In setting his September deadline, the British Prime Minister, Mr Tony Blair, said the talks must mark "the point of decision" about the future direction of the political process in Northern Ireland, and indicated that London and Dublin would have to consider the alternatives if the DUP and Sinn Féin could not agree the basis for the restoration of the Stormont Assembly and Executive.
Speaking at a press conference in the Palace of Westminster, Mr Adams said he did not rule out progress at the talks, at which Mr Blair and the Taoiseach, Mr Ahern, will preside.
He repeated his prediction that the DUP would eventually do business with Sinn Féin.
However, he could not say when that would be, and warned both governments that the DUP's publicly declared position on IRA disarmament was "totally contrary to the Good Friday agreement."
Mr Adams said: "The DUP have been honest - they want to destroy the Good Friday agreement.
"So if you ask me for my expectation - if the publicly expressed position of the DUP is to destroy the agreement - then the prospects of progress in terms of seeing that agreement implemented are totally reliant upon a British government bringing unionists through the pain barrier and on them reconciling themselves to, or coming to tolerate, a new dispensation."

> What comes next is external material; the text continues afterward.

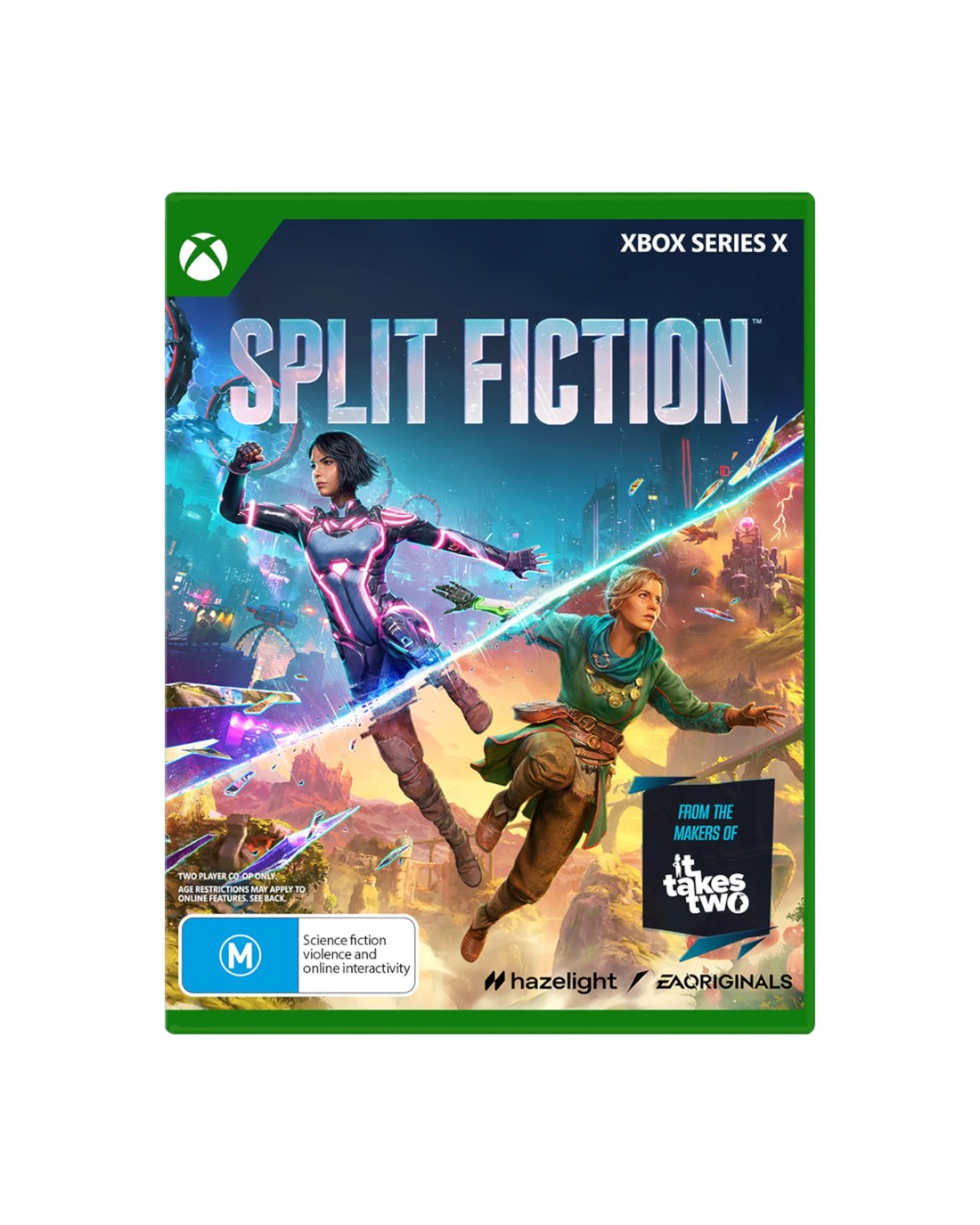 Embrace mind-blowing moments as you're pulled deep into the many worlds of Split Fiction, a boundary-pushing co-op action adventure from the studio behind 2021 Game of the Year Winner It Takes Two. Mio and Zoe are contrasting writers - one writes sci-fi and the other writes fantasy - who become trapped in their own stories after being hooked up to a machine designed to steal their creative ideas. They'll have to rely on each other to break free with their memories in-tact, working together to master a variety of abilities and overcome diverse challenges while jumping between sci-fi and fantasy worlds in this unexpected tale of friendship. Split Fiction is a unique action-adventure experience that keeps you on the edge of your couch with unexpected moments. One minute you're taming adorable dragons and the next you're fighting as cyber ninjas, escaping terrifying trolls, or dodging hover cars thrown by a robotic parking attendant. It's weird, it's wild, and it's designed to be shared. Grab a friend and get ready to overcome any obstacle thrown your way.

The Sinn Féin president added: "It is a matter of whether the Good Friday agreement prevails or the position of the DUP prevails, and that again is a question for the Taoiseach and for the British Prime Minister."
Senior DUP sources last night told The Irish Times they still believed agreement was possible at Leeds Castle, although the party's declared requirements in terms of future reports by the Independent Monitoring Commission and the International Decommissioning Commission suggest a power-sharing administration could not be restored before mid-March at the earliest.
Moreover, Mr Adams's comments would suggest that his party is not ready to move from its strict interpretation of the arrangements for handling the decommissioning issue which led to the failure of its negotiation with the Ulster Unionists prior to last November's Assembly election.
"The issue of arms has to be dealt with. I want to see it dealt with," he said.
"The agreement established a commission to do just that, and made it very clear that that was not a precondition for the holding of ministerial office or for the recognition of democratic mandates," he said.
During a two-day book promotional visit to London in which he was expected to have further discussions with senior Downing Street officials, Mr Adams suggested that "the issue of arms" would be successfully dealt with only in the context of "a process of sustainable change".